»Maurice Halbwachs died at the end of February 1945 at Buchenwald after his deportation. He was arrested on 23 July 1944 on the grounds that he had provided protection and shelter for his son Pierre, a member of the resistance who had deserted from forced labour and himself been arrested just a few days earlier. [...] Halbwachs was initially interned in Fresnes and later deported to Germany. It does not appear that he endured the brutalities and mistreatment to which so many of his fellow prisoners were subjected. However, it is clear that the intended effects of a deliberately organised state of physiological distress did not allow him to maintain his strength at the same level as his hopes. He died with his son — whom he had reunited with in the camp — at his side during his final hours.« (From »Über Maurice Halbwachs« by Georges Canguilhem, translated into German by Ronald Voullié and edited by Henning Schmidgen, Berlin 2022, pp. 7–9.).
Below is a selection of documents vividly recounting Maurice Halbwachs' imprisonment at Buchenwald concentration camp, where he died a mere seven months after arriving.
In 1945, the French painter Boris Taslitzky published sketches from Buchenwald in his book »III Dessins fait à Buchenwald, 1944–1945«. Two of these drawings show Maurice Halbwachs just a few days before his death. Taslitzky himself was interned at Buchenwald from 6 August 1944, until the camp's liberation. He died in Paris on 9 December 2005 at the age of 94.
From his personal file to letters from camp doctors and his death certificate: The official documents bear witness to Halbwachs' imprisonment and suffering at Buchenwald concentration camp.
In 1947, just two years after the war ended, in 1947, the Université de Strasbourg published a volume titled »Témoignages strasbourgeois«. The compilation was made up of accounts in which survivors described their deportation to German concentration camps and the French resistance against the National Socialists.
Selections from these reports have been translated and are now available for the first time in German. In »Témoignages strasbourgeois – Berichte französischer Überlebender der Konzentrationslager Buchenwald und Mittelbau-Dora« (reports by French survivors of the Buchenwald and Mittelbau-Dora concentration camps), editors Anett Dremel, Michael Löffelsender, and Jens-Christian Wagner relate the experiences and observations of courageous Université de Strasbourg members who survived deportation and forced labour in the concentration camps. Henning Schmidgen contextualises these reports in the history of European universities and academic history.

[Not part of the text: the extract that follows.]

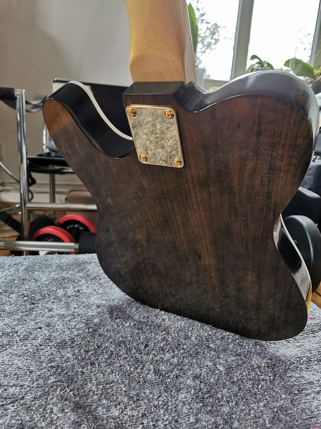 And while I still admire the feeling of the tru oil, I think it's too delicate as a finish. I know it can be fixed really easily compared to other finishes, but I can already see many fine scratches just from gently using the guitar. I know it will take a bit more time to completely cure and harden, but if there isn't a miracle happening, I don't think the tru oil is very durable for a guitar that's getting played. I'm not rough with my stuff (I think), I never dinged it, always put it on padded surfaces etc, but still, there are some marks.

The volume was published by Wallstein Verlag Göttigen:
»Témoignages strasbourgeois.
Berichte französischer Überlebender der Konzentrationslager Buchenwald und Mittelbau-Dora« (reports by French survivors of the Buchenwald and Mittelbau-Dora concentration camps).
Edited by Anett Dremel, Michael Löffelsender, and Jens-Christian Wagner
Göttingen: Wallstein Verlag, 2024
At 6 pm on 24 October 2024, the book was presented at a reading held in the lounge of the University Library. Prof. Dr. Jens-Christian Wagner, Director of the Buchenwald and Mittelbau-Dora Memorial Foundation and Professor of »Geschichte in Medien und Öffentlichkeit« at Friedrich-Schiller-Universität Jena, and Prof. Dr. Henning Schmidgen, Professor of »Medientheorie und Wissenschaftsgeschichte« at the Bauhaus-Universität Weimar gave compelling accounts of the circumstances under which the reports were created after the liberation. Pauline Böhnisch read excerpts from the original texts.
Attendees were also presented with in-depth impressions of the historical significance and a categorisation of the reports and their origins. The Université de Strasbourg was a centre of resistance against the National Socialists and German occupiers Many of its university members, faculty, and students were deported to various concentration camps, including Buchenwald. The book reveals the inhumane conditions of camp imprisonment which caused Maurice Halbwachs's death.